Description
Beyond Meat is a Los Angeles-based producer of plant-based meat substitutes founded in 2009 by Ethan Brown. The company's initial products were launched in the United States in 2012. The company has products designed to emulate chicken, beef, and pork sausage.
Products
Chicken Strips
The company's first product launched in 2012 was designed to emulate chicken and sold frozen. The product was licensed from Harold Huff and Fu-Hung Hsieh at the University of Missouri. They were made from "soy powder, gluten-free flour, carrot fiber and other ingredients" which were mixed and fed into a food extrusion machine that cooks the mixture while forcing it through a specially designed mechanism that uses steam, pressure, and cold water to form the product's chicken-like texture. The product was praised by some celebrities, but journalists who tasted it said the "likeness to real chicken was tolerable, at best" and it was discontinued in 2019.
Beyond Burger
The company announced in 2014 that it had begun development of a new product to emulate beef burgers, which was released in February 2015.

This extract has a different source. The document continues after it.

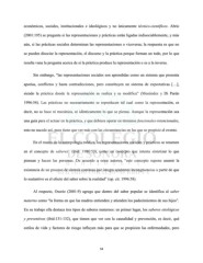 económicos, sociales, institucionales e ideológicos y no únicamente técnico-científicos. Abric (2001:195) se pregunta si las representaciones y prácticas están ligadas indisociablemente, y más aún, si las prácticas sociales determinan las representaciones o viceversa; la respuesta es que no se pueden disociar la representación, el discurso y la práctica porque forman un todo, por lo que resulta vana la pregunta acerca de si la práctica produce la representación o es a la inversa. Sin embargo, “las representaciones sociales son aprendidas como un sistema que presenta aporías, conflictos y hasta contradicciones, pero constituyen un sistema de expectativas […], siendo la práctica donde la representación se realiza y se modifica” (Menéndez y Di Pardo 1996:54). Las prácticas no necesariamente se reproducen tal cual como la representación, es decir, no se hace ni mecánica, ni idénticamente lo que se piensa. Aunque la representación sea una guía para el actuar en la práctica, y que debiera operar en términos funcionales-intencionales, esto no sucede así, pues tiene que ver más con las circunstancias en las que se propicie el evento. En el marco de la antropología médica, las representaciones sociales y prácticas se resumen en el concepto de saberes (ibid. 1996:53), como un concepto que intenta sintetizar lo que piensan y hacen las personas. De acuerdo a estos autores, “este concepto supone asumir la existencia de un proceso de síntesis continua que integra aparentes incongruencias a partir de que lo sustantivo es el efecto del saber sobre la realidad” (op. cit. 1996:58). Al respecto, Osorio (2001:9) agrega que dentro del saber popular se identifica al saber materno como “la forma en que las madres entienden y atienden los padecimientos de sus hijos”. En su trabajo ella destaca tres tipos de saberes maternos: en primer lugar, los saberes etiológicos y preventivos (ibid:131-132), que tienen que ver con la causalidad y prevención, es decir, qué estilos de vida y factores de riesgo influyen más para que se propicien las enfermedades, pero 34

The burgers are made from pea protein isolates, rice protein, mung bean protein, canola oil, coconut oil, potato starch, apple extract, sunflower lecithin, and pomegranate powder. Beef products that "bleed" are achieved by using red beet juice. The products are certified as not containing genetically modified ingredients. The number of ingredients and processes involved in producing the products means that they are classified as ultra-processed foods in the NOVA food classification scheme. As of 2019 their products cost more than twice that of meat. One burger patty contains 1,100 kilojoules (270 kilocalories) of food energy, twenty grams of protein, twenty grams of fat (of which five grams is saturated fat) and one gram of salt. The protein and fat content are similar to a beef patty of a similar weight, but the salt content is "much higher". Nutrition of the burger varies according to the restaurant chain in which it is served.
Beyond Sausage
Beyond Sausage, raw (above) and cooked (below)
In December 2017, the company announced a vegan alternative to pork sausage called "Beyond Sausage". The three varieties of "sausage" were called Bratwurst, Hot Italian, and Sweet Italian.
Sustainability
In September 2018, Beyond Meat received a Champions of the Earth award from the United Nations. This sought to recognize the company’s sustainability efforts beyond the product such as swapping plastic packaging trays to compostable tray for use in their Beyond Sausage.